Note: Only JSON data is supported and keep schemas.enable=false
for value converter.
Config Name | Description | Config Value | Is Mandatory? |
---|---|---|---|
topics | topic to listen to | topic name | Yes |
solr.collection | Solr Collection name where topic data needs to be pushed | Collection Name | Yes |
solr.mode | Mode on which solr is running, pass solr node url | CLOUD or STANDALONE | Yes |
solr.url | If solr.mode is CLOUD , pass comma seperated zookeeper url else pass standalone solr server url |
url | Yes |
connector.class | Connector class name | com.bkatwal.kafkaproject.SolrSinkConnector | Yes |
commit.within.ms | commit within ms value for solr update, if none passes defaults to 10 ms | int value | No |
solr.writes_per_sec | Throttle writes per second. Default value = 100 | double value | No |
error.ignore_bad_offset | Ignore and commit any bad message, use this option with dead letter queue | boolean value. Default value = 100 | No |
Refer/Use configuration: config files
- Json Data
- One level of child document update supported. Just pass, additional field,
_childDocuments_
with the parent doc. - Doc deletion: To delete pass additional field
_delete_
with valuetrue
in your record(no need to maintain this field in solr/solr schema file), this field will be removed before indexing data to solr. Based on boolean values(true/false) in_delete_
, delete/insert operation is triggered OR Passkafka header
with the record/message.
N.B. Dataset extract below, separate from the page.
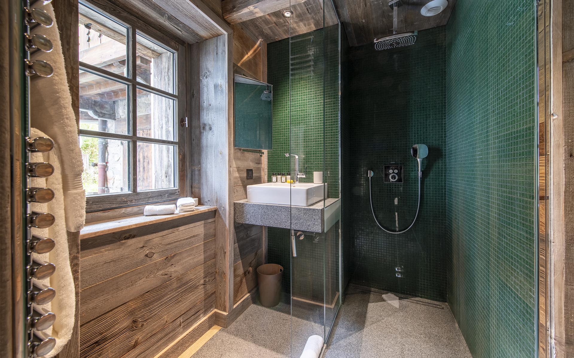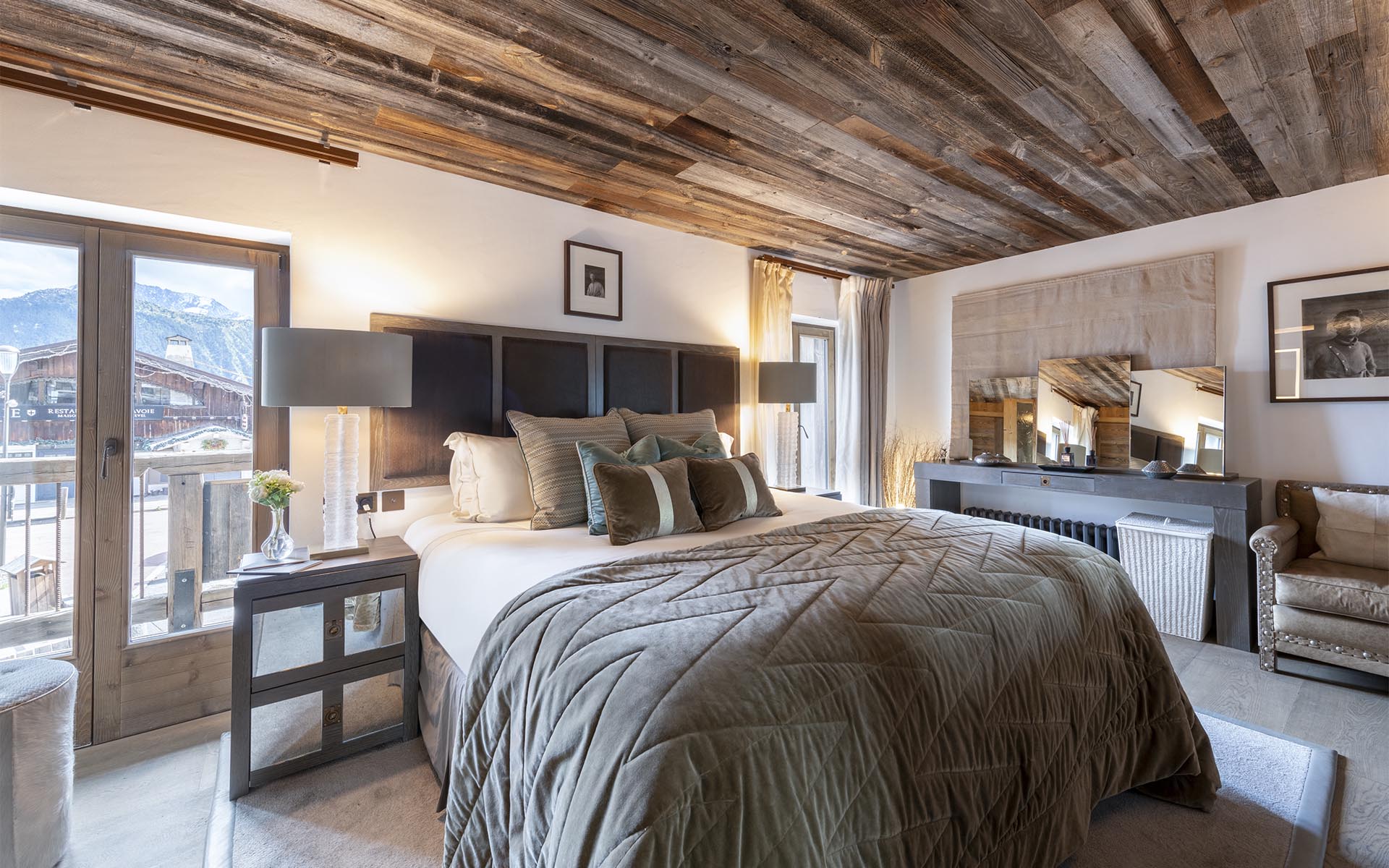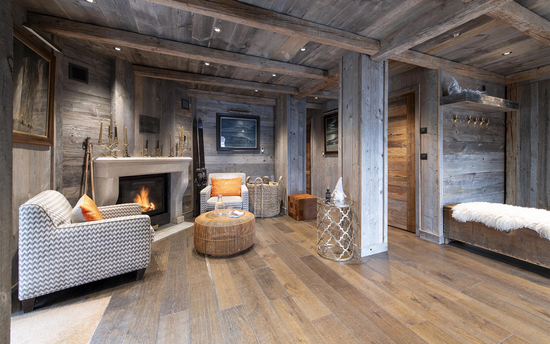 This state-of-the-art self-catered chalet is split over 5 floors and has 6 bedrooms. Modern in décor, it’s a mix of contemporary neutral tones and grey wood. The main living area is dominated by the room’s low, up-lit eaves and chunky beams that make it feel cosy and intimate despite its wealth of space. Here you can sink into the wraparound sofa by the open fire with a mug of hot chocolate and a good book.

Use header key name as_delete_
and value astrue
. - Dynamic fields update. Pass a Map field in json doc. The field name will be used as prefix, so set dynamic field in managed_schema accordingly. Example:
{
"field1": "doc1",
"id":"1",
"field2":"dome val,
"dynamicField":
{
"df1":"val1",
"df2":"val2",
"df3":"val3"
}
}
This will be transformed in solr as:
dynamicField_df1 : val1, dynamicField_df2 : val2, dynamicField_df3 : val3
You can have any field name for the dynamic field, just have this defined in managed_schema. So, for above to work, dynamic field need to be defined in managed_schema file as below:
<dynamicField name="dynamicField_*" type="string" indexed="true" stored="true"/>
- build with: mvn clean package
- In target look for directory bkatwal-kafka-connect-solr-sink-< version >. Copy this directory to plugins path in
connector.properties
file.